Calculation example for the Wall Thickness conform EN 13445

Determining wall thickness under EN 13445 Part 3 requires more than inserting pressure into a formula.

The wall thickness depends on:

• Allowable material stress at design temperature
• Weld joint coefficient
• Corrosion allowance
• Applicability limits (e / D ≤ 0.16)
• Clear distinction between analysis and design thicknesses

Here is a structured walkthrough aligned with the procedure in Clause 7.4.2 of EN 13445-3. This is based on a worked example from our training course on the EN 13445.

As sketched in the Figure below there is a pressure vessel of 1000mm diameter, to be made of P235GH. Here, the nominal wall thickness (e_n) will be calculated.

The conditions for calculating the wall thickness.

1. Define the Design Basis Clearly

Before applying EN 13445 Section 7.4.2, let's confirm the governing inputs.

In this example:

-Outside diameter (D_e)​ = 1000 mm

-Internal design pressure (P) = 10barg (or 1 MPa)

-Design temperature = 200°C

-Corrosion allowance (c) = 3 mm

-Weld joint coefficient (z) = 0.85

-Plate material is P235GH

2. Determine the Allowable Design Stress (f)

As the required wall thickness (e) is unknown we need to use Formula 7.4-2.

e=PD_e/(2fz-P)

All of the values except for the design stress (f) are known at this point. Under EN 13445, the allowable design stress must be derived from material properties at the design temperature. Material properties are not defined in EN 13445, for plate materials such as P235GH, the EN 10028-2 material standard is consulted.

In EN 10028-2 it is seen that at 200^oC the 0.2% proof strength of P235GH is 182 MPa and that the tensile strength is 360MPa.

Applying the safety factors defined in EN 13445-3 6.2 of 1.5 on proof stress and 2.4 on tensile strength, results in an allowable based on proof stress at 200^oC of 121MPa and based on tensile strength of 150 MPa.

The lowest value governs, so the design stress (f) is 121 MPa

3.Calculate the Required Wall Thickness

Using the Equation 7.4-2 the required thickness (e) can be calculated.

• P=1 MPa
• D_e=1000 mm
• f=121 MPa
• z=0.85

e=1 x 1000/((2 x 121 x 0.85)-1)=4.9mm

4 Required Thickness (e) to Nominal Thickness (e_n)

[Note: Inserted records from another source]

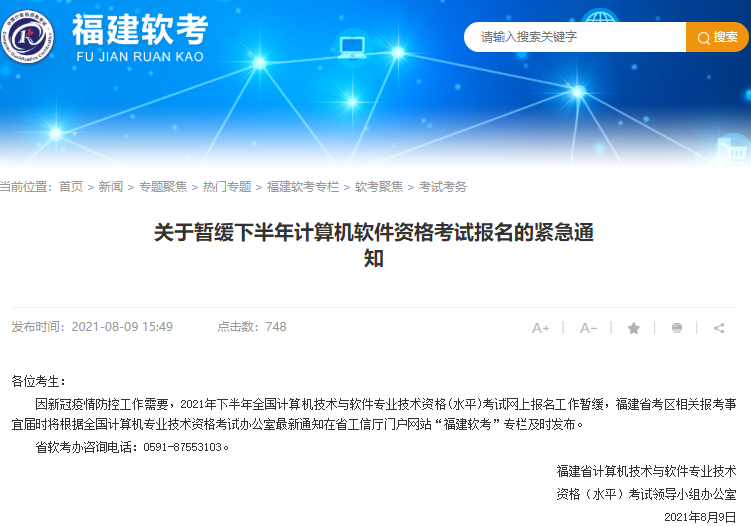 关于暂缓下半年计算机软件资格考试报名的紧急通知
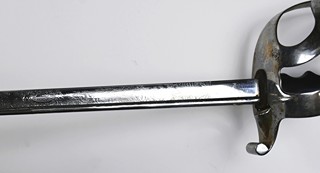 RU důstojnická šavle pro infanterii, s pochvou, značeno, Hörster Solingen, bohatě gravírovaná čepel, délka čepele 83 cm, délka celkem 98 cm, stopy koroze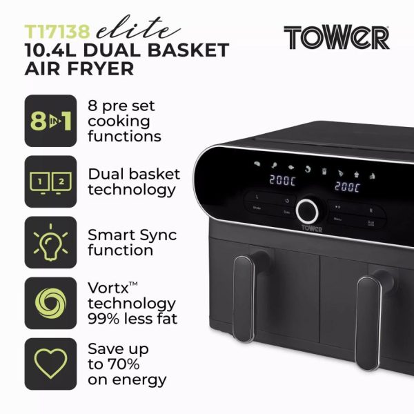 8 Presets: Steak/Drumsticks/Fish/Prawns/Fries/Pizza/Cake/Dehydrate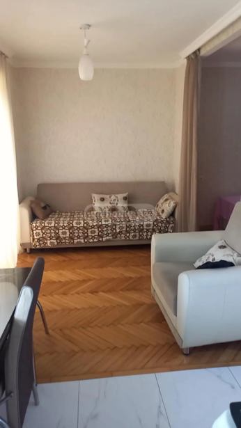 Cozy and bright 2-room apartment for rent in the center of Kutaisi. Fully furnished, newly renovated in one of the city's most prestigious areas next to the Meskhishvili Theater. • Rooms: 2 bedrooms + studio type living room and kitchen • Balcony • Central heating/air conditioning • All necessary appliances (refrigerator, washing machine, TV) • High-speed internet With a view of the Bagrati Cathedral A supermarket, pharmacy, kindergarten, and public transport stop are located near the building. If interested, please contact us.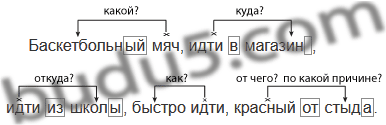 Мяч (какой?); идти (куда?), (откуда?), (как?); красный (от чего? по какой причине?).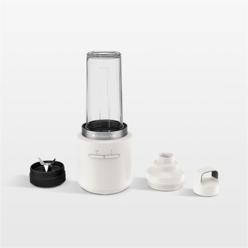 All the power you expect from KitchenAid, without the cord. Compact and convenient for everyday use, this personal blender finished in porcelain white—KitchenAid's warm and fresh neutral hue—whips up smoothies, protein shakes, sauces and frozen cocktails with one-touch operation. A powerful rechargeable battery (sold separately) delivers optimal runtime, performance and portability. Featuring a blade specially designed to handle frozen ingredients with ease, the cordless blender includes a dishwasher-safe blending jar with travel lid so you can take your custom drinks on the go.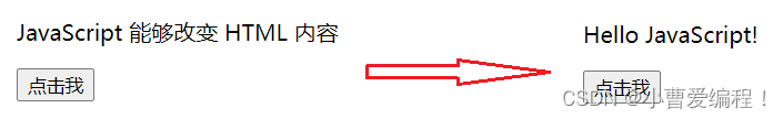 点击我按钮,按钮上面的文本就改为上面右图内容,这就是js 改变页面内容的功能。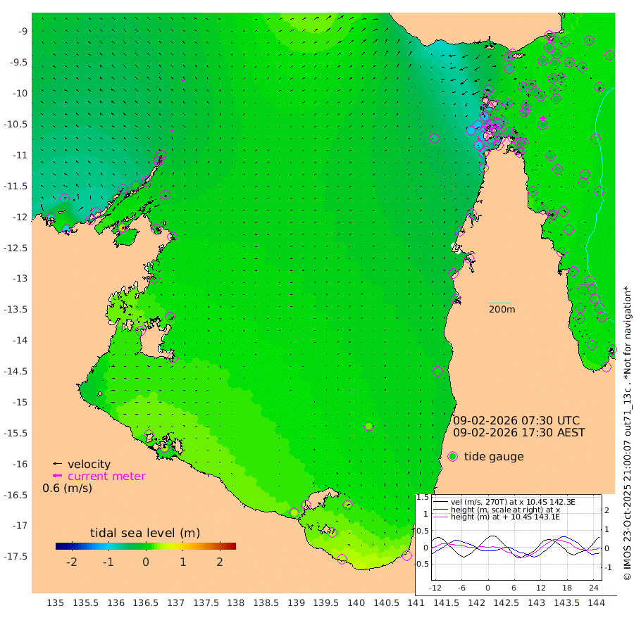 16cm/s -23T +3cm/s rms + 7cm/s -42T. ARA-GOC87 57m 2cm/s -35T +3cm/s rms + 2cm/s -2T. ARA-GOC87 60m 16cm/s -24T +2cm/s rms + 3cm/s 61T. ARA-GOC87 47m -20cm Daru -14cm Bobo Island -3cm Meer Island Barge -6cm Bramble Cay -15cm Unnamed Cay -23cm Pearce Cay -12cm Stephens Island -12cm Merrie England Shoals -17cm Mutacomal Reef -5cm Darnley Island Barge -1cm East Cay -12cm Yorke Island Barge -21cm Rennel Island -13cm Aureed Island -32cm Dungeness Reef -28cm Zagai Island -30cm Yam Island -49cm Dauan Island -31cm Saibai Island -58cm Phipi Reef -29cm Warrior Reef - West -62cm Mabuiag Island Barge -19cm Half Way Island -28cm Coconut Island -23cm Dugong Islet -35cm Poll Island -33cm Kirkcaldie Reef -52cm Suarji Island -28cm Sue Islet -106cm Hawkesbury Island -64cm Alert Patches -53cm Twin Island -107cm Badu Island -58cm St Pauls (Moa Island) -84cm Kubin (Moa Island) -66cm Ince Point -75cm Thursday Island -73cm Nardana Patches -87cm Turtle Head -87cm Round Island -104cm Goods Island -108cm Booby Island -107cm White Rocks Area -65cm Carpentaria -50cm Papou Point -108cm Bampfield Head -87cm Crab Island -93cm Red Wallis Island -82cm Packe Island -28cm Harrington Reef -82cm Herald Camp -7cm Sharp Point -75cm Red Island Point -69cm Possession Island -33cm Alpha Rock -41cm Frederick Point -25cm Wyborn Reef Light -27cm Tetley Island -7cm Triangle Reef -46cm Turtle Head Island -5cm Maclennan Cay -6cm Raine Island -15cm Mcsweeny Reef -10cm Collette Reef -6cm Shadwell Reef -9cm Hannibal Island -10cm Round Point -77cm Vrilya Point -3cm Cape Grenville -6cm Hicks Island 2cm Sir Charles Hardy Island -1cm Harvey Island 0cm Kay Reef -3cm Rocky Island -2cm Chapman Island 2cm Ham Reef -2cm Jubilee Reef -1cm Night Island 2cm Unnamed Reef No. 3 -4cm Morris Island -13cm 1st 3 Mile Opening -3cm Creech Reef 2cm Fife Island 1cm Eden Reef 0cm Stanley Island 2cm Normanby River -83cm Yabooma Island -93cm Hutchison River -75cm Elcho Island -72cm North West Crocodile Island -21cm Cape Wessel -57cm Stevens Island -6cm Guluwuru Island -48cm Hopeful Bay -46cm Auster Point -36cm Two Island Bay -55cm Cadell Strait 108cm Mallison Island -17cm Melville Bay (Gove Harbour) -18cm Truant Island -5cm Cape Arnhem -6cm Cape Grey 6cm Hawk Island 17cm Milner Bay (Groote Eylandt) 21cm Cape Beatrice 37cm West Island 39cm Centre Island 45cm Mornington Island 44cm West Wellesley Islands 33cm Bountiful Island 47cm Albert River Mouth 39cm Sweers Island 41cm Karumba 25cm Nassau River Offshore 7cm Christmas Creek -28cm Archer River -36cm Boyd Point -45cm Weipa (Humbug Point) -54cm Pennefather River -56cm Cullen Point

Reviewing the Figure below, it can be seen that the required thickness (e) from Eq. 7.4.2 does not include the corrosion allowance (c) of 3mm.

The required thickness (e) shall be added to the corrosion allowance (c), which means that the plate thickness needs to be more than 7.9mm (4.9mm+3mm).

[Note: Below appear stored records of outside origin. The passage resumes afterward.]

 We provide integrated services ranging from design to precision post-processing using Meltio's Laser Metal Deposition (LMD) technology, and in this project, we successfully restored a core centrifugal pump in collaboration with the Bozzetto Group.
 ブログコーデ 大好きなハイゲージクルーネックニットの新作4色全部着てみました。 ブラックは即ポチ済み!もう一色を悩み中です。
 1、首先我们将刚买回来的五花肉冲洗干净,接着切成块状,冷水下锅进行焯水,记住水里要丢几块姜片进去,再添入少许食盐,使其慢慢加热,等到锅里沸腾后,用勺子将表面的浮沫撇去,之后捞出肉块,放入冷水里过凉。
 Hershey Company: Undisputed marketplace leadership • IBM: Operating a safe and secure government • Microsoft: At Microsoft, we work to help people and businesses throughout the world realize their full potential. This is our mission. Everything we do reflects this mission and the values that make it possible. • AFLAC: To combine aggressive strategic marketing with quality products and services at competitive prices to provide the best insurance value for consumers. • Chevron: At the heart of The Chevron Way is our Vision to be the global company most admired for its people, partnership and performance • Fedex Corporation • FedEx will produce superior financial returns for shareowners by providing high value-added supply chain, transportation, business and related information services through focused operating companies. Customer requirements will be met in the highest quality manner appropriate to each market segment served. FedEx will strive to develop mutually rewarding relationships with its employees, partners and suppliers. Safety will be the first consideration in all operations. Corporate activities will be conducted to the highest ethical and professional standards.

Assuming a Normal Tolerance Class A from EN 10029 the maximum permitted tolerance is (δ_e) is 0.5mm for a plate of 8 to 15mm thickness. This means that the nominal thickness (e_n) needs to exceed 7.9mm + 0.5mm = 8.4mm

In the metric system the next lowest standard plate thickness would typically be 10mm. The nominal thickness e_n is therefore 10mm and the extra analysis thickness (e_ex) is 1.6mm.

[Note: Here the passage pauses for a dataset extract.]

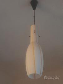 Rara Sospensione Vistosi "Serie Birillo" – Design Alessandro Pianon – Murano anni '60 Incredibile pezzo di storia del design italiano: lampada a sospensione in vetro di Murano prodotta da Vistosi negli anni '60, su disegno originale di Alessandro Pianon. Questa lampada fa parte della celebre serie caratterizzata dalla forma a ogiva (o "a birillo"), un'icona del gusto Mid-Century Modern e Space Age. Dettagli Tecnici: Lavorazione: Vetro incamiciato soffiato a bocca con decorazione a canne verticali policrome (toni caldi dell'ambra, ocra e terra) su base bianco lattimo. La luce, filtrando attraverso le canne, crea un'atmosfera calda e scultorea. Periodo: Circa 1960/1970. Materiali: Vetro di Murano di altissima qualità, montatura originale in metallo con finitura brunita. Condizioni: Eccellenti. Il vetro non presenta sbeccature, crepe o graffi superficiali. Il cablaggio è originale e funzionante (se ne consiglia comunque la revisione tecnica per pura conformità di sicurezza). Perché acquistarla: Non è solo un corpo illuminante, ma un investimento. Il design di Alessandro Pianon per Vistosi è costantemente presente nelle più importanti aste internazionali di design d'autore. La combinazione di colori e la forma slanciata la rendono perfetta per un salotto di rappresentanza o sopra un tavolo da pranzo moderno.

For further stages in the design process the analysis thickness (e_a) is 6.6mm (e+e_ex).

It is noted that it may be preferable to use a larger thickness for example for handling reasons or if there are a large number of nozzles that would otherwise require reinforcement plates.

5. Verify Applicability of the Thin-Walled Approach

The calculation approach here is valid for thin-walled cylinders where the definition as per EN 13445-3 Clause 7.4.1 is that the ratio of e/D_e is not larger than 0.16.

In the current case this ratio is 4.9/1000=0.005 which is far lower than the limit of 0.16. This check should always be shown explicitly in calculation notes.